If you’re looking for an environmentally friendly product that can help maximize the energy efficiency of your home, cellulose insulation is the way to go. Made from mostly recycled materials, cellulose loose-fill insulation is considered one of the most environmentally friendly insulation products on the market today.
Whether you need to insulate your whole home or just your crawl space, cellulose is an effective solution. Really, it’s great for any area of your home and provides many of the same performance characteristics as fiberglass insulation, like sound control.
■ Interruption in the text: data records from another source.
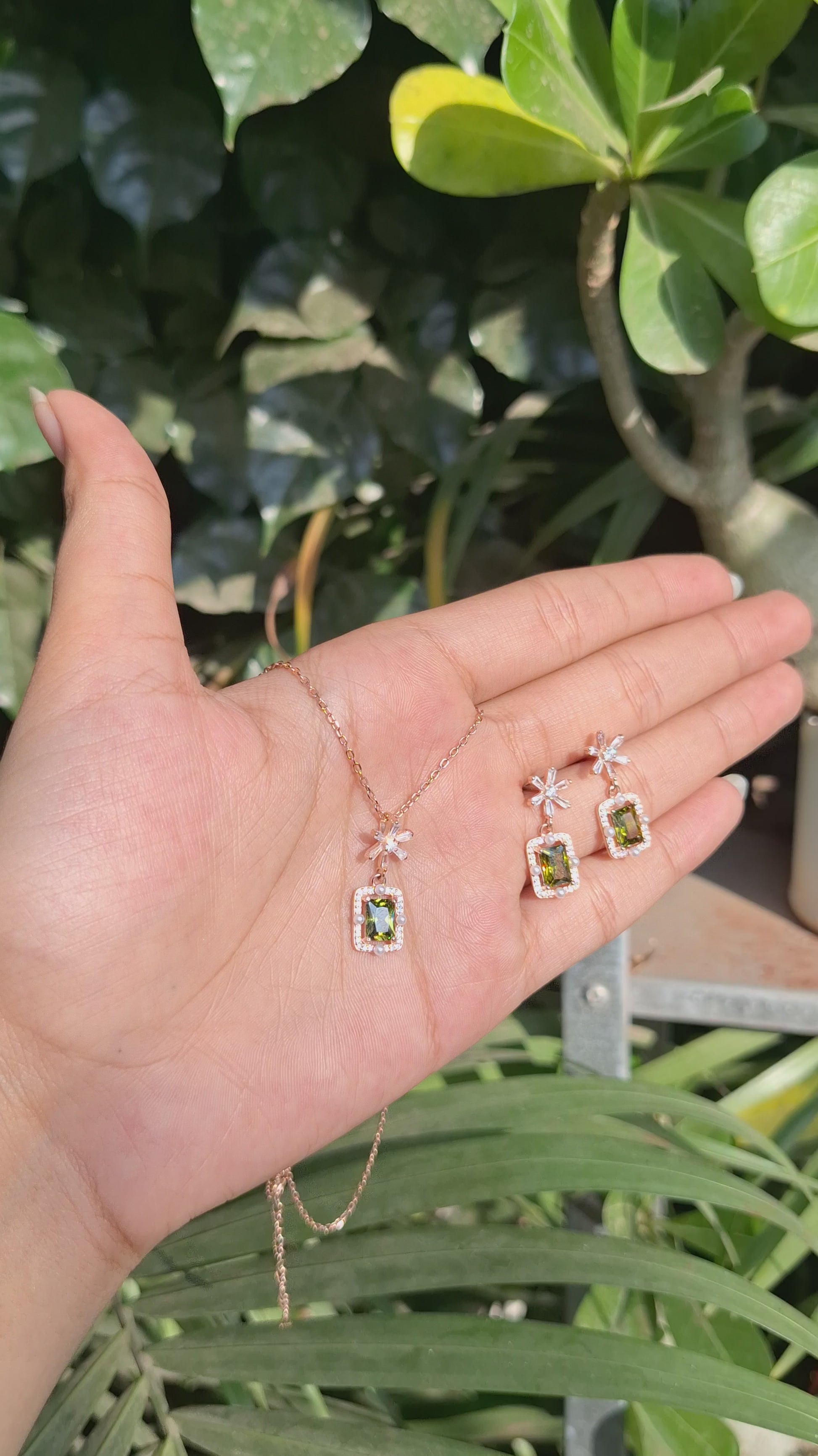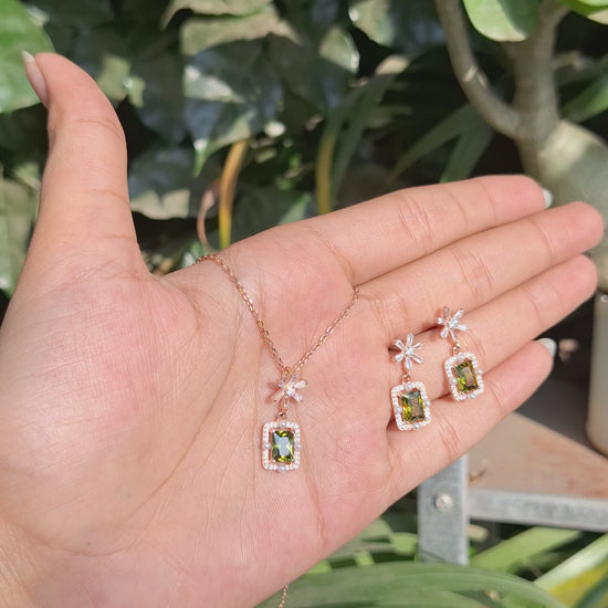 The matching earrings mirror the pendant’s style, featuring the same prism-cut moss green stone with zircon-studded edges, giving you a perfectly coordinated and graceful look.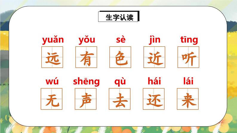 小学语文人教部编版一年级上册画图文课件ppt: 这是一份小学语文人教部编版一年级上册画图文课件ppt,共23页。PPT课件主要包含了跟我写,读一读,组词说句,去掉拼音再读一遍,远看山有色,近听水无声,春去花还在,人来鸟不惊,议一议等内容,欢迎下载使用。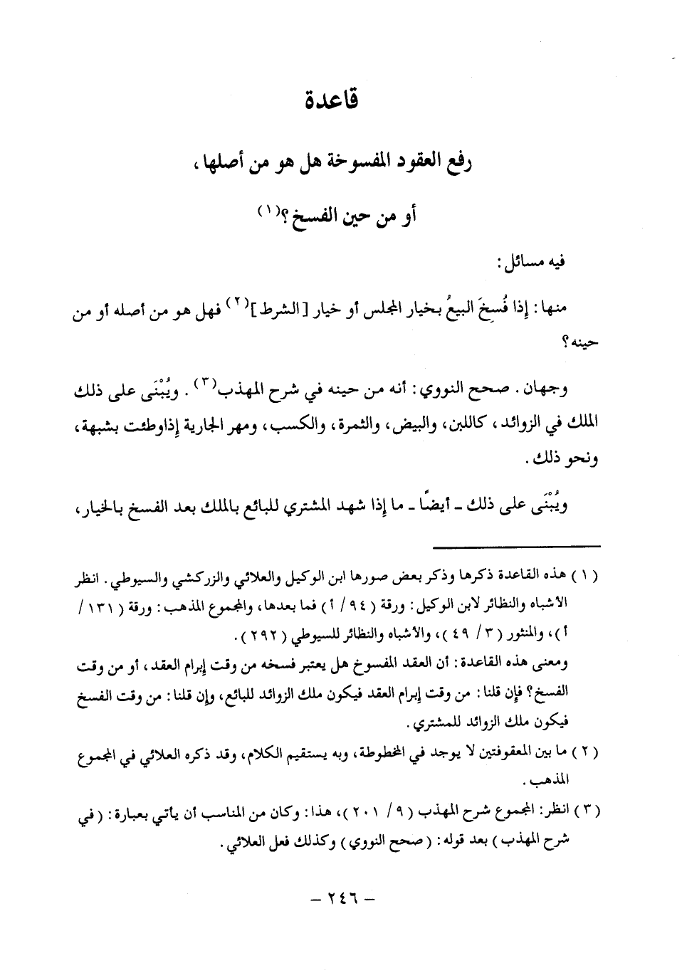 ومعنى هذه القاعدة: أن العقد المفسوخ هل يعتبر فسخه من وقت إِبرام العقد، أو من وقت الفسخ؟ فإِن قلنا: من وقت إبرام العقد فيكون ملك الزوائد للبائع، وإن قلنا: من وقت الفسخ فيكون ملك الزوائد للمشترى.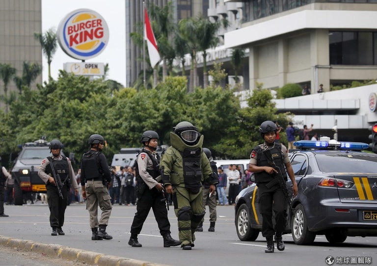 恐攻事件後,印尼政府出動大規模警力維安,同時也派出拆彈小組前往事發地點。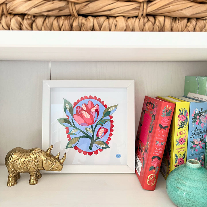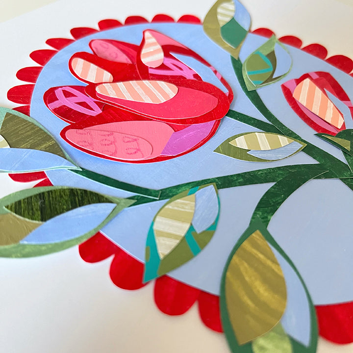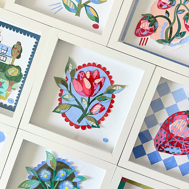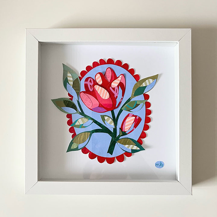 Original hand-painted, hand-cut collage affixed to a premium matte paper and placed in a white shadowbox frame.
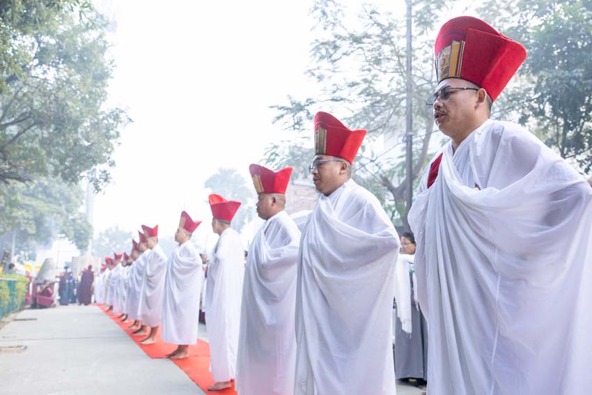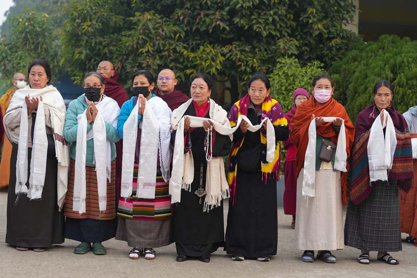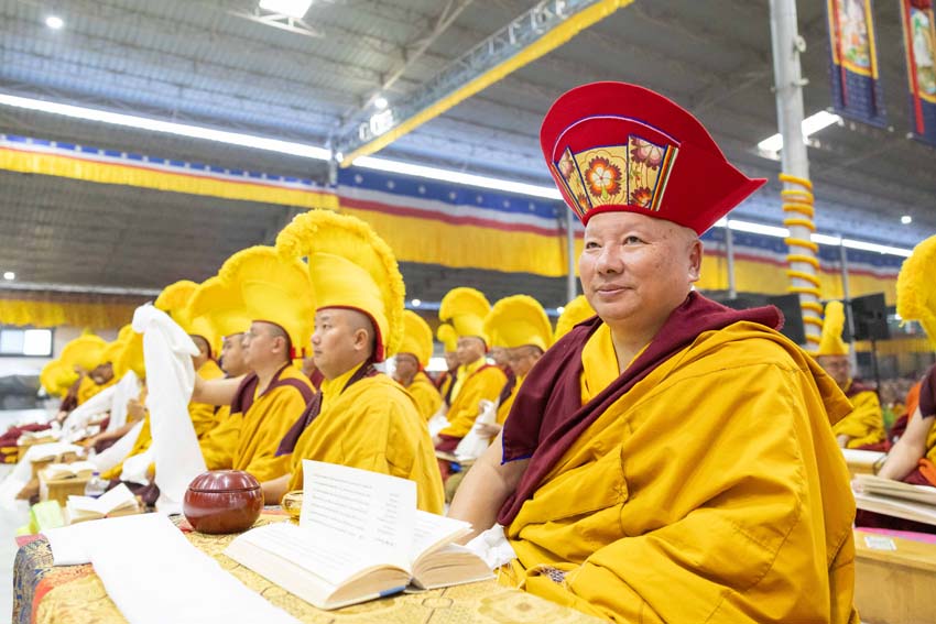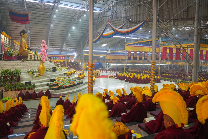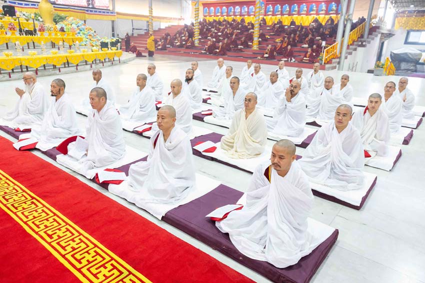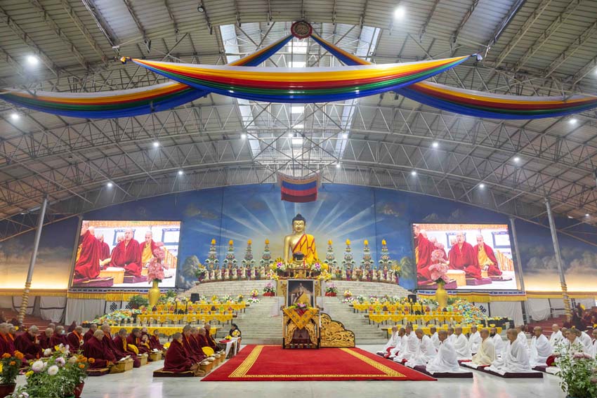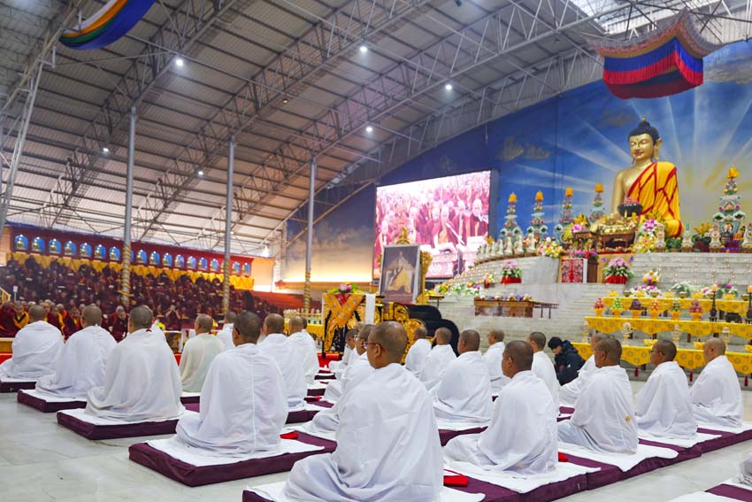In the Monlam Pavillion monks. Nuns and lay practitioners gathered to receive the Mahayana sojong vows from Kyabgon Zurmang Gharwang Rinpoche and then recited the opening prayers of the first session.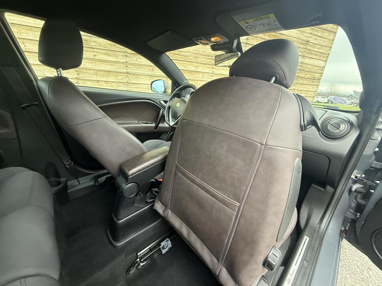 Accoudoir central avant avec espace de rangementAlfa D.N.A.Cerclages de phares Chrome SatinéClimatisation automatique bi-zoneCommandes radio au volant pour UconnectCoques de rétroviseurs marronInstrumentation de bord sportJantes 17'' design Elegante finition marronOrdinateur de bordPare-chocs arrière Sport avec extracteurPlanche de bord SprintPoignées de portes Chrome SatinéRégulateur de vitesseSellerie arrière 3 places rabattable 2/3-1/3Sellerie tissu / simili-cuir gris-marron, et panneaux portes en simili cuirSièges avant à réglage lombairesSortie d'échappement chroméeSpoiler arrièreSticker de toitSystème infotainment VP2 avec BluetoothTapis de sol CollezioneVitres arrière privativesVolant gainé cuirVolant gainé de cuir meplat avec surpiqures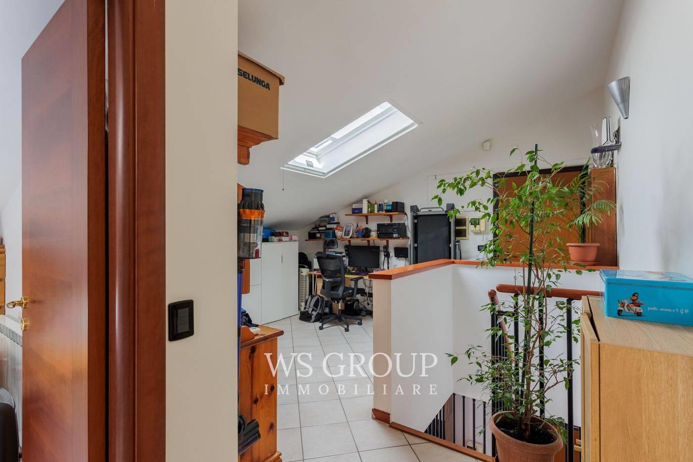 Dalla scala posta sul lato del soggiorno, accediamo al piano sottotetto, dove troviamo un primo spazio ora adibito a studio, due ampie camere ed il secondo bagno anch’esso con finestra (velux).
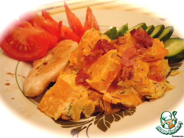 Теперь раскладываем по тарелкам и посыпаем каждую порцию раскрошенным на мелкие кусочки беконом. Вот так все быстро и просто! Приятного аппетита!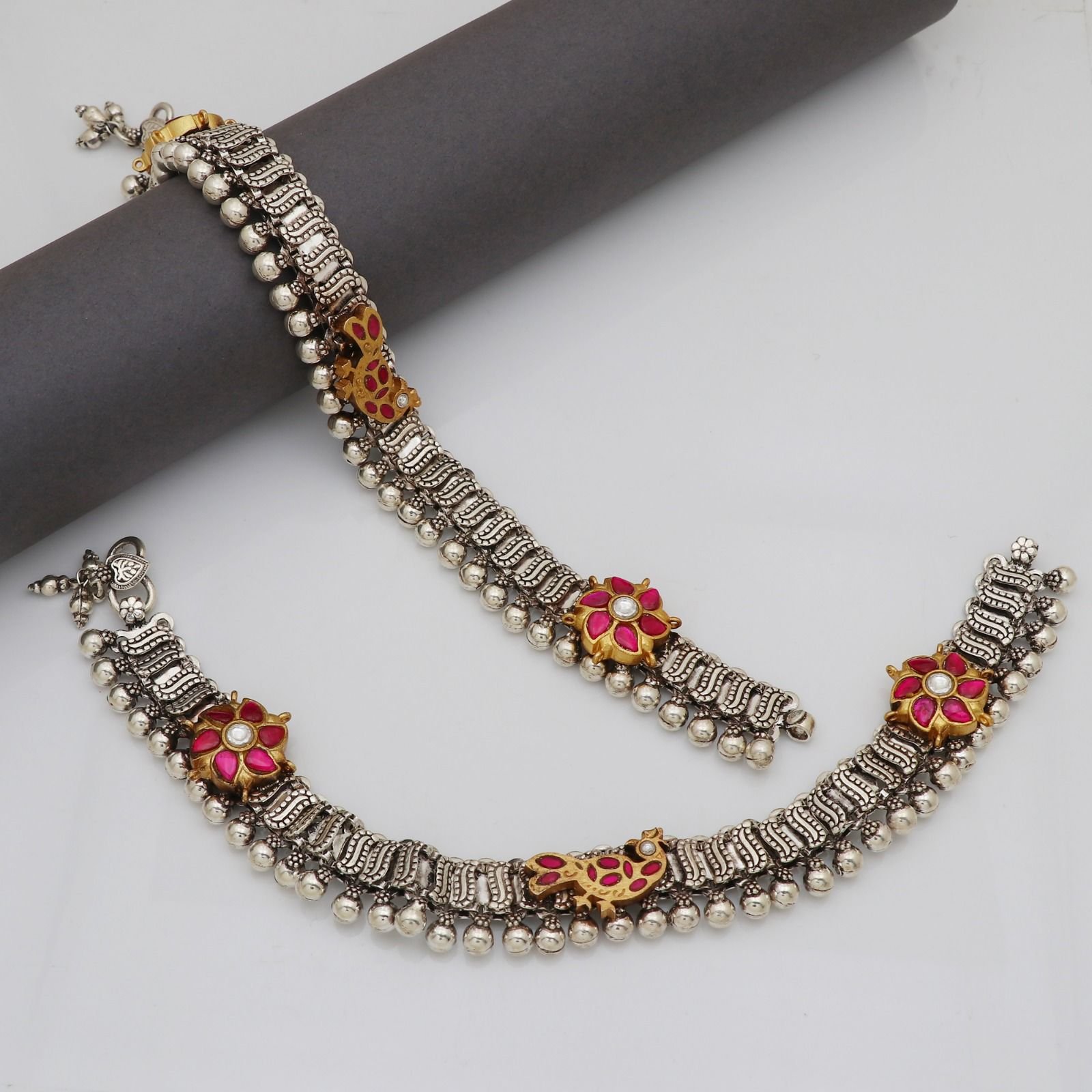 Adorn your ankles with the elegance of the Sohira Kundan Polki Anklets, crafted in sterling silver with a luxurious two-tone finish. These payals beautifully blend the timeless charm of Kundan and the sparkle of Polki, making them a must-have for traditional and contemporary occasions alike.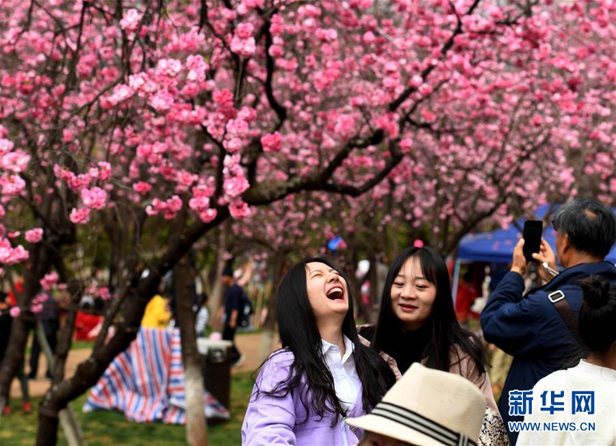 游人在昆明圓通山公園觀賞盛開的櫻花(3月16日攝)。近日,云南省昆明市迎來櫻花盛開的時節(jié)。昆明圓通山公園的數(shù)千株櫻花燦爛綻放,吸引了市民和游客前來觀花賞景。新華社記者藺以光攝

If you want to insulate your home using cellulose, the experts at Green Star Plus can help. We can inspect your home and tell you where you need to insulate and how much insulation you need!
Benefits of Cellulose
In addition to helping decrease your energy bills, cellulose insulation:
- Reduces outside noises
- Makes your home’s interior more comfortable
- Has a high R-value (almost 4 per inch)
- Has environmentally friendly characteristics (contains more than 80% recycled material)
- Can decrease or eliminate air infiltration
With cellulose insulation, you truly get what you pay for. Your home is guaranteed to be more comfortable and energy efficient! And if you want to go green when insulating or re-insulting your home, as one of the most environmentally friendly types of insulation, cellulose is the best you could ask for.
Frequently Asked Questions
How Does Insulation Reduce Noise?
Limiting the transmission of sound from one location to another requires a material that encloses the source of the noise and forms a barrier between the source and the adjacent area. This is exactly what insulation does. Fiberglass and cellulose are the best types of insulation for soundproofing purposes.
How Is Cellulose Environmentally Friendly?
Cellulose insulation consists of up to 80 percent recycled material (primarily newspaper), and it takes less energy to make than other types of insulation. If the paper put into landfills every year were used to make cellulose insulation, it would save approximately eight million tons of CO2 emissions!